There is mythology attached to the Mountain: the Fastnet Rock was torn from the slopes and thrown into the sea by a giant; once we were searching for a piece of Rock Art within sight of the mountain and the landowner assured us that the carved stone had been thrown there by Finn MacCool (we didn’t find it).

giant stamp

The story about Mount Gabriel that most captures my imagination is the suggestion that the last Wolves in Ireland inhabited the rocky landscape there back in the eighteenth century (although it’s true that several other places make the same claim). Until that time Wolves were commonly seen in the wilder parts of the land and feature in local stories and folklore. Interestingly they were often portrayed in a positive way and were sometimes companions of the saints.
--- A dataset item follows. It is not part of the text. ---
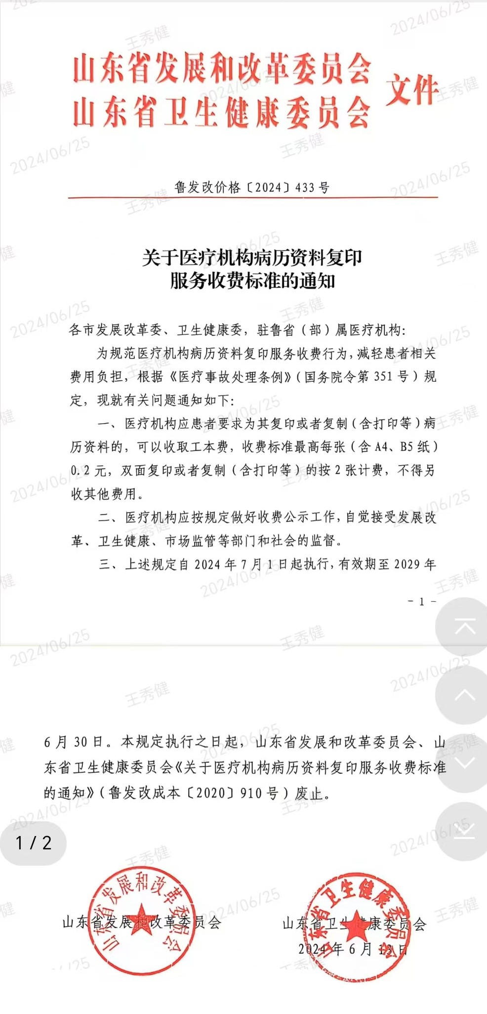 索引号 1237010049300077XA/2025-07412 发文日期 2026-04-02 发文单位 济南市第五人民医院 济南市第五人民医院病历复印收费说明 发布日期:2026-04-02 10:22 信息来源:济南市第五人民医院 字体:【 默认 大 超大 】 收费标准(1)病历复印费用:依据鲁发改价格〔2024〕433号文件的规定,复印病历费用0.2元/页。采用短信通知、多退少补的缴费形式。(2)病历邮寄费用:根据EMS快递收费标准,省内:13元(包信封1元),省外:21元,新疆、西藏:25元。附件:关于医疗机构病历资料复印服务收费标准的通知.pdf 【打印本页】 【关闭窗口】

There are very few records of Wolves having maimed or killed humans, yet in 1653 the Cromwellian government placed a bounty on them – 5 pounds for a male Wolf, and 6 pounds for a female: worthwhile prize money in those days. This encouraged professional hunters and, coupled with the dwindling forest habitats, the fate of the animal was sealed.

grey wolf

Mount Gabriel today is relatively benign, although it still has its remoter parts. The Irish Aviation Authority has kindly provided a road up to the summit, where sit the distinctive ‘golf ball’ radar domes and aerials of an Air Traffic Control installation. From these heights we can see Rossbrin Cove, Ballydehob, Schull and all the islands of Roaringwater Bay set out in a magnificent panorama – on a clear day.

iaa

Aerials and view to the north

Aerials and view to the north

Modern events have affected the mountain: a German plane crashed here in 1942, and in 1982 the Irish National Liberation Army bombed the radar station, believing that it was providing assistance to the North Atlantic Treaty Organisation, allegedly in violation of Irish neutrality.

IMG_3573

For us the mountain is a landmark and, like most of our view, its profile changes with the weather on a daily – perhaps hourly basis. As a repository of archaeology, human history, lore and nature Gabriel provides a rich resource.